Are you feeding them?


----------



## Tanklyfe (Oct 25, 2017)

The plants ? Like with flourish ? 

If that's what you r asking , no .....


----------



## Channing.Miskel (Oct 27, 2015)

Tanklyfe said:


> The plants ? Like with flourish ?
> 
> If that's what you r asking , no .....




You need to put in root tabs if you want to see them do well. There aren't enough nutrients in your water. You could also get flourish or some dry ferts. 

The yellowing is likely from a lack of iron. 


Sent from my iPhone using Tapatalk


----------



## Tanklyfe (Oct 25, 2017)

I see I will go get some  thanks


----------



## FuryMonkey (Nov 5, 2017)

I agree that root tabs are a must and the cause of your issue.

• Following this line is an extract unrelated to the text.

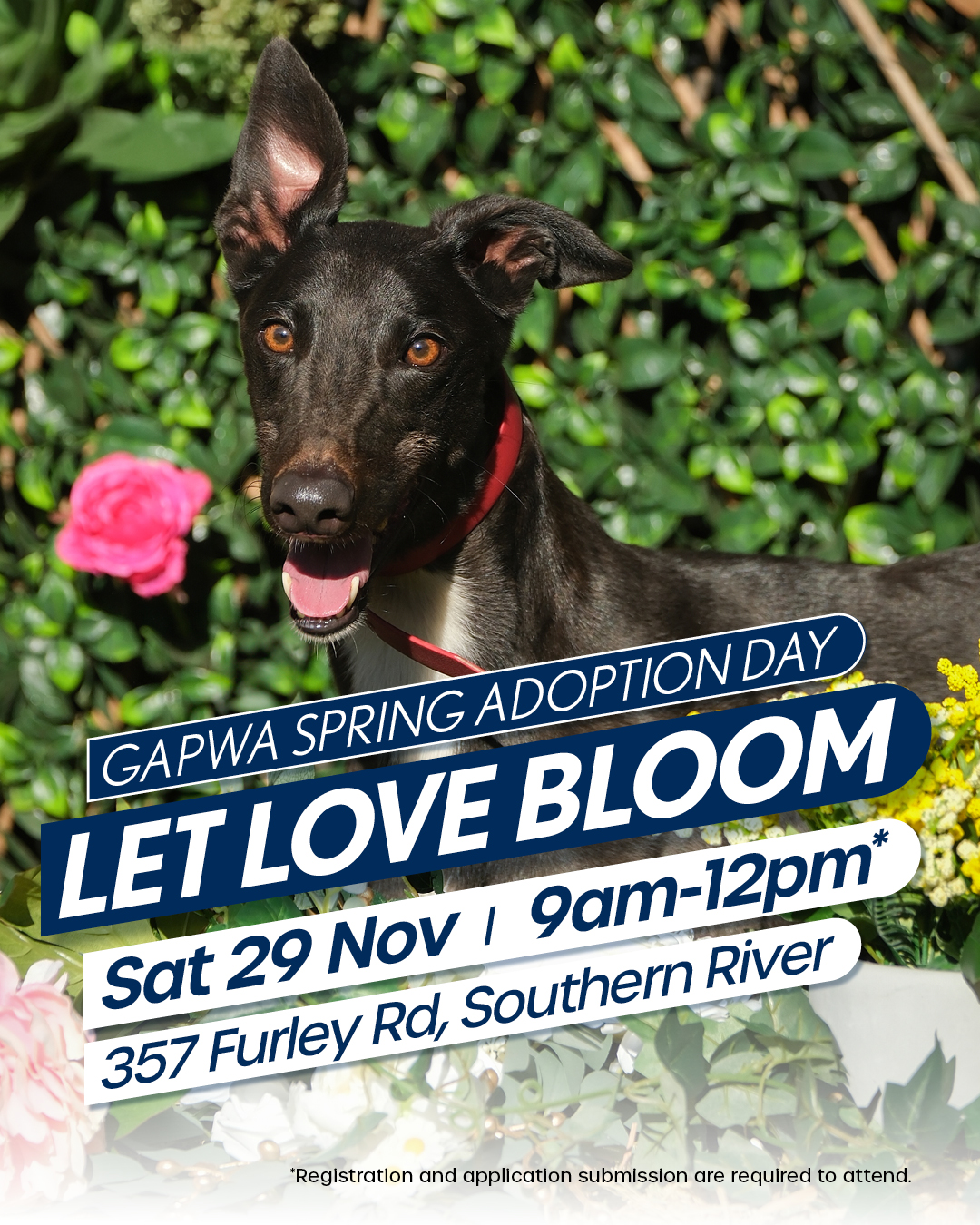 Greyhounds as Pets WA (GAPWA) is thrilled to invite all seasoned greyhound lovers and potential adopters to our Spring Adoption Day on Saturday 29 November 2025 where love will bloom!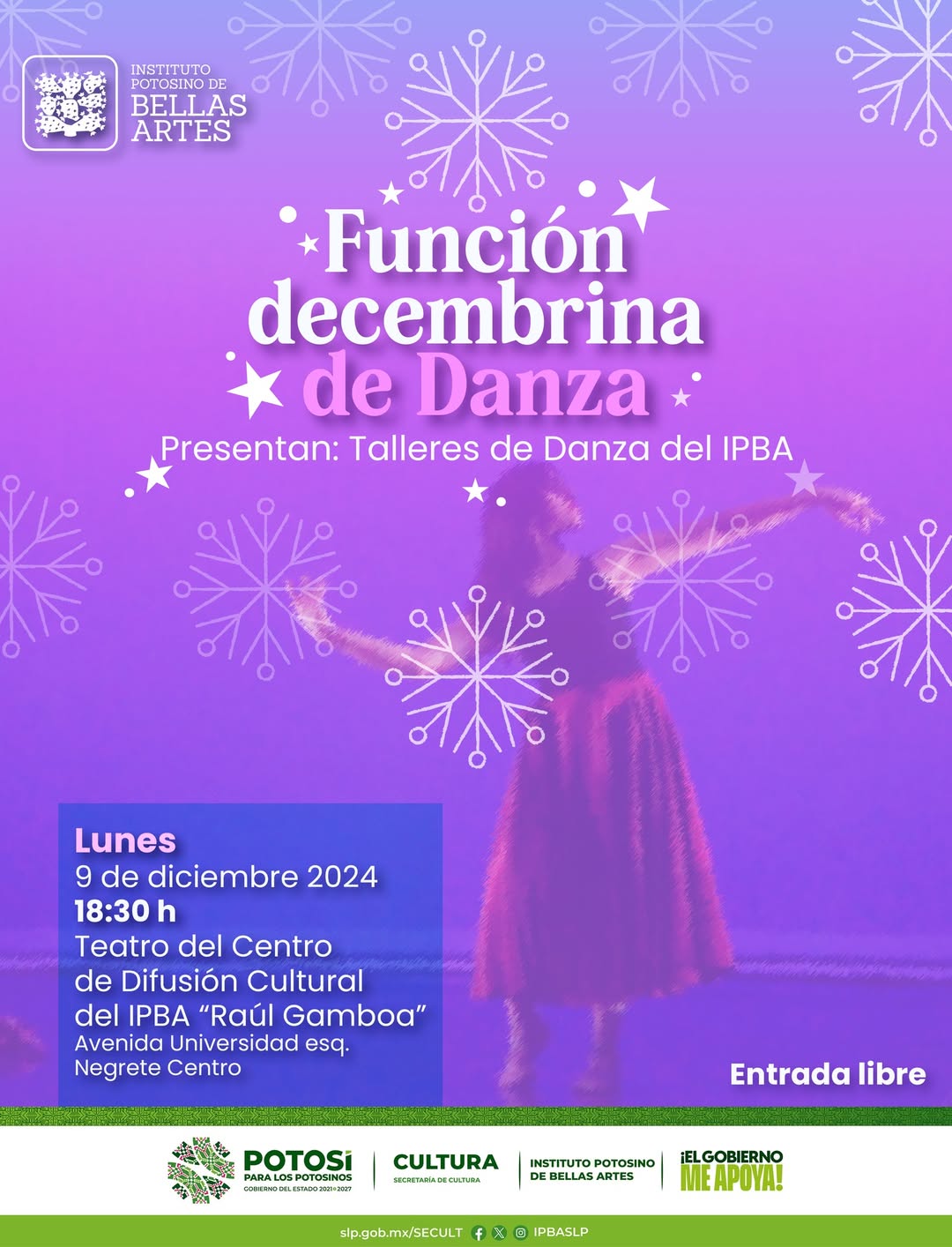 El Instituto Potosino de Bellas Artes te invita al show «Función decembrina de danza», un evento realizado por del alumnos y alumnas del área de danza del recinto cultural.

But I had a similar experience with E. Tenellus (chain sword) where every few months it would have a die-off like you described. My tank was dirt capped with gravel so nutrients definitely weren't the issue.

I figured it was either due to the density of the carpet it had formed, which was causing some nodes/leaves to be shaded, or it was a natural age related life cycle. Some plants have life histories where they expect to be submersed at some times of the year and emersed at others - one would assume that they'd have some internal clocks associated with external triggers to initiate the change over.

My solution was to do a thorough trim and remove any old large nodes. In a few weeks everything would be looking nice and lush again.

On occasion I'd run DIY CO2 in the tank which seemed to help keep the chain sword looking nice.

You mentioned amazon swords - they are very heavy root feeders so you'll want to give them extra tabs. They're also a species that switches between submersed and emersed and their growth trends to slow down as they age. I've had some just completely stagnate and others give up entirely.


----------